It was all champagne and rainbows last week when Tesla Inc. reported rare quarterly earnings in the black.
But many on the Elon Musk bandwagon seemed to missed some of the fine print.
The glaring piece of Tesla’s third-quarter earnings report was the fact that Tesla experienced a staggering 39% drop in U.S. market sales.
Remember, the U.S. is the company’s largest market.
Overall sales in the United States went from $5.13 billion in the third quarter of 2018 to $3.13 billion in 2019.
Where Tesla made things up … kind of … was with its global deliveries, which hit a record of 97,000. The biggest problem is most of those sales were on the car with the lowest profit margin — the Model 3.
By pressing ahead with the Gigafactory Shanghai plant in China, Musk is attempting to offset continued losses in the U.S. market by opening the doors to the world’s largest auto market — China.
Tesla did see a jump in sales in China — from $409 million to $699 million over the course of a year — but it is still nowhere close to overcoming the deficit Tesla sees from sagging U.S. sales.
After hitting huge gains in its stock price Monday into Tuesday, Tesla shares have dropped from Monday’s high of $339.41 to $315.90 at 11 a.m.
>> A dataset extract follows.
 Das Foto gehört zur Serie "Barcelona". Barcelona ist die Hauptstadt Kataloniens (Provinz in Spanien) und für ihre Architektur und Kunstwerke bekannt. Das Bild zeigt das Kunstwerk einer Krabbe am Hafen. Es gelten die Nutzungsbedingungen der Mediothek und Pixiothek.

EDT on Thursday.
The Chinese government recently gave Tesla the go-ahead to start producing vehicles at its Shanghai facility.
Overall, electric car sales in China dipped for the first time by 14% in July to around 128,000 electric cars sold by all manufacturers. One of the big reasons for the drop is Beijing has cut subsidies for electric cars.
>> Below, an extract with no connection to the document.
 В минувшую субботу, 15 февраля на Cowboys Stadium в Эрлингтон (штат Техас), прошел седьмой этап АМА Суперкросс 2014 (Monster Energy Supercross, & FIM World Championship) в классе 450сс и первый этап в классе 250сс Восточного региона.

Tesla is hoping to compete in a Chinese market already saturated with companies making electric vehicles. One of the chief competitors for Musk is BYD Co., a Warren Buffett-backed Chinese company. In July, BYD sold 16,000 electric vehicles compared to Tesla’s market-leading 20,000.
BMW also made gains in China along with Chinese state-owned BAIC Group.
It’s an indicator that while electric vehicle sales may not have reached their zenith in China, it could be a long road before they do.
It is a $2 billion to $5 billion bet that Tesla can see strong tailwinds backed by increased deliveries in China. If they don’t see it, the gamble will be one that will cost Tesla for years to come.